Ponsonby and coworkers in 2003 published the results of a prospective study on a birth cohort of infants in Tasmania.114 Parental report of bedding data at 1 month of age was available for 863 infants (of 6378 children) who were participating in a seven year follow up survey. Synthetic bedding included synthetic overlying quilts or synthetic pillows which included foam, sponge, tontine, polyester, and Dacron. One outcome measure was frequency of wheeze defined as more than 12 episodes in the past year. Synthetic pillow use at 1 month of age was associated with frequent wheeze at 7 years of age (adjusted relative risk (aRR) = 2.5, 95% CI 1.2 to 5.5) independent of later childhood exposure to synthetic bedding. In addition, current synthetic pillow and quilt use was associated with frequent wheeze (aRR = 6.4, 95% CI 1.2 to 35). Among children with asthma, the age of onset was earlier if synthetic bedding was used in infancy. Although this study was well designed and the associations between synthetic bedding and wheeze were consistent and strong, it is difficult to determine the potential role, if any, of phthalates emitted from the synthetic bedding. There are many other potential explanations for the observed associations because synthetic bedding may lead to increased exposure to house dust mite, volatile organic compounds, and reduced exposure to endotoxin, all potential risk factors for childhood asthma and wheeze.
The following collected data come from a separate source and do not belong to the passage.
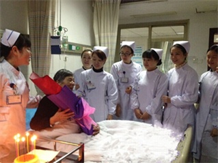 第二個(gè)故事發(fā)生在去年12月,80歲的汪奶奶因膽總管結(jié)石疼痛得厲害,被送到衡陽(yáng)市中心醫(yī)院肝膽外科住院治療。12月10日是汪奶奶的80歲生日,上午9時(shí),肝膽外科的護(hù)士們的白衣天使們捧著生日蛋糕和一束康乃馨,唱著歡快的生日快樂歌走到了她的床邊,“奶奶,今天是您的生日,我們給您祝壽來了!”護(hù)士長(zhǎng)許敏帶領(lǐng)全體護(hù)士姐妹們齊聲為老人送上了飽含祝福的吉祥話,祝愿老人健康長(zhǎng)壽。在生日蠟燭的燭光下,奶奶露出了溫暖而又真摯的笑容,老人說這是她有生之年過得最開心的一個(gè)生日?,F(xiàn)場(chǎng)濃厚和溫馨的場(chǎng)面,不僅讓汪奶奶特別激動(dòng),就連其家人和同病房的病友也感動(dòng)地流下了熱淚。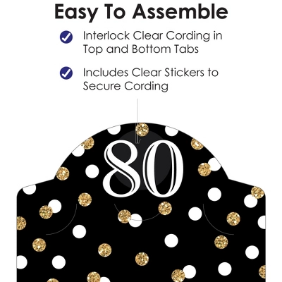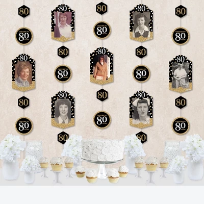 Big Dot of Happiness Adult 80th Birthday – Gold Hanging Vertical Photo Garland includes 35 shaped pieces, 1 roll of clear cording, and assembly stickers that you can use to transform your Birthday Party into an unforgettable celebration. With the 10 double-sided photo frames, insert 4 x 6 portrait photos of your guest of honor into the front and back sides. You can display up to 20 pictures using the multiple tabs to secure them into place, allowing your photo garland to look great from all angles. Delightful Decor: Adult 80th Birthday – Gold Vertical Garland can be displayed at any length you choose for a dynamic look at your celebration. You can create a backdrop, hang it from the ceiling, or attach it above your dessert table—the possibilities are endless. DIY Assembly: Start by placing your 4 x 6 portrait pictures on the front and back sides of the photo frame cut-out pieces. Then, plan your display by laying the cut-out pieces on a flat surface. Interlock the clear cording into each cut-out piece and secure it with the provided clear stickers. Instructions are also included on the packaging. High-Quality Supply: Adult 80th Birthday – Gold vertical hanging garland pieces are professionally printed double-sided on heavy-duty cardstock paper. Photo frames measure 5.5 inches wide x 9.25 inches tall. Circle pieces measure 4.25 inches in diameter. Hexagon cut-outs measure 3 inches wide by 3.25 inches tall. Made In The USA: Adult 80th Birthday – Gold Photo Vertical Garlands are designed and manufactured at our Wisconsin facility using materials that are Made in the USA. Adult 80th Birthday – Gold Garland Cut-Outs use a No-Mess Glitter Print: Our garland cut-outs are designed with a printed image of glitter, eliminating glitter flake while maximizing bling effect!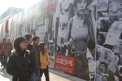 “長安杯”紀念改革開放30周年全國攝影大展定于12月16日在北京王府井步行街舉行。圖為人們從大展活動巨幅宣傳牌前走過。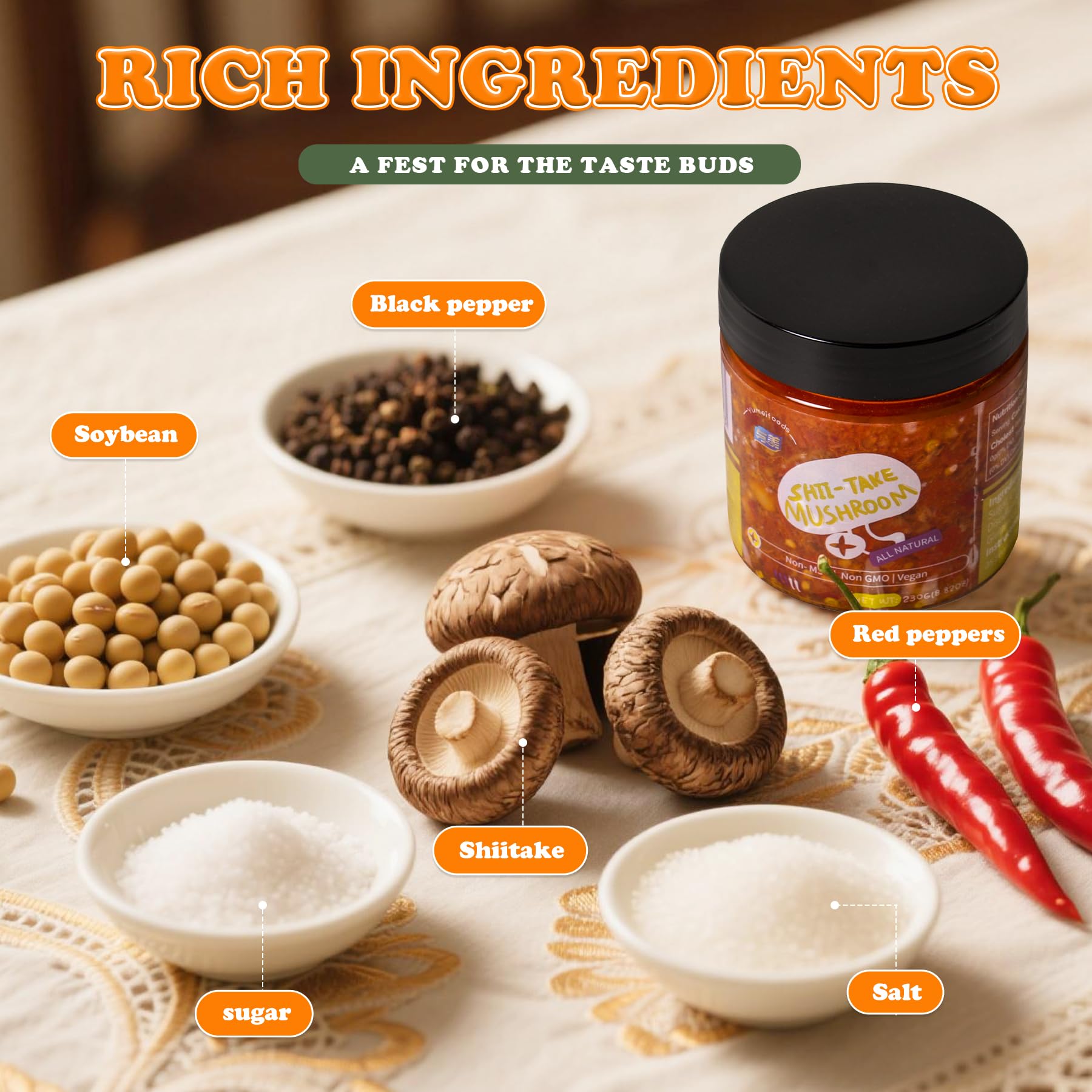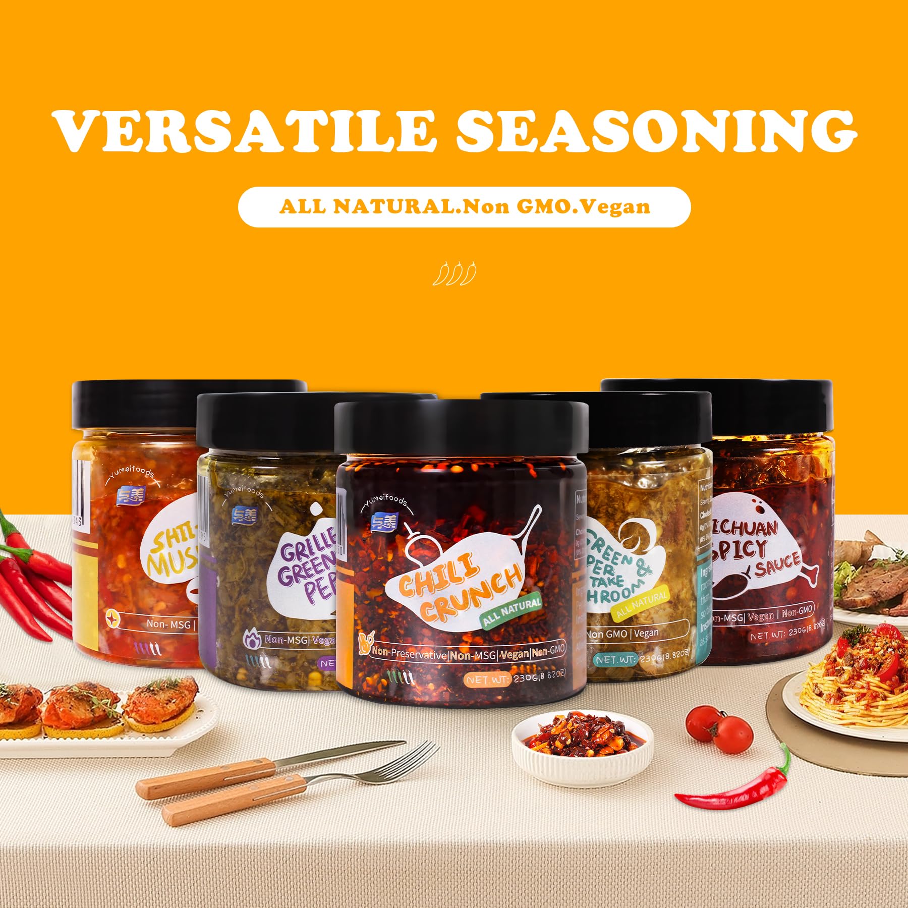 Elevate your meals with this crunchy chili oil condiment that adds a perfect blend of heat and texture to any dish. This versatile sauce combines crispy, savory bits with aromatic chili oil to create an irresistible combination that enhances everything from noodles and rice to eggs and vegetables. Each spoonful delivers a satisfying crunch along with a complex flavor profile featuring garlic, onion, and perfectly toasted chili peppers. The rich, deep red oil carries the essence of traditional Asian cuisine while bringing a modern twist to your table. Whether youre looking to add a kick to your stir-fry, create a flavorful dipping sauce, or simply spice up your favorite dishes, this chili crunch condiment is your perfect kitchen companion. Keep it handy to transform ordinary meals into extraordinary culinary experiences with just a spoonful.

Hoppin and coworkers in 2004 explored the association between urinary levels of phthalate monoesters and pulmonary function parameters (forced vital capacity (FVC), forced expiratory volume in 1 second (FEV1), peak expiratory flow (PEF), and maximum mid-expiratory flow (MMEF)) among 240 adults from NHANES III call-back cohort.116 After controlling for race, age, height, body mass index, smoking history, and current smoking, there was an association between MBP urinary levels and three measures of pulmonary function (FVC, FEV1, PEF) in males but not females. Among men there were large decrements in lung function; for an IQR change (25th to 75th centile) in urinary MBP levels, FEV1 decreased 112 ml (SE = 51, p = 0.04), FVC decreased 131 ml (SE = 63, p = 0.04), and PEF decreased 367 ml (SE = 181, p = 0.05). MEP was associated with lower FVC and FEV1 in men. MEHP was not associated with any of the lung function measures. In analyses limited to non-smoking men, point estimates remained essentially unchanged. Among non-smoking women, MEHP was positively associated with FEV1 and MMEF. In this cross-sectional study, it is unclear why associations were only found in men and why MEHP, a metabolite of DEHP which is found in PVC plastics and implicated in the studies on residential use of PVC plastic interior materials,111–113 was not associated with lung function decrements. Because the Hoppin et al study was cross-sectional it was also not possible to determine whether the decrements in lung function were associated with long term phthalate exposure or associated with recent exposure and thus represent short term decrements that may be reversible. However, despite these uncertainties, the study had several strengths including objective measures of lung function and the use of biological measures of phthalate exposure.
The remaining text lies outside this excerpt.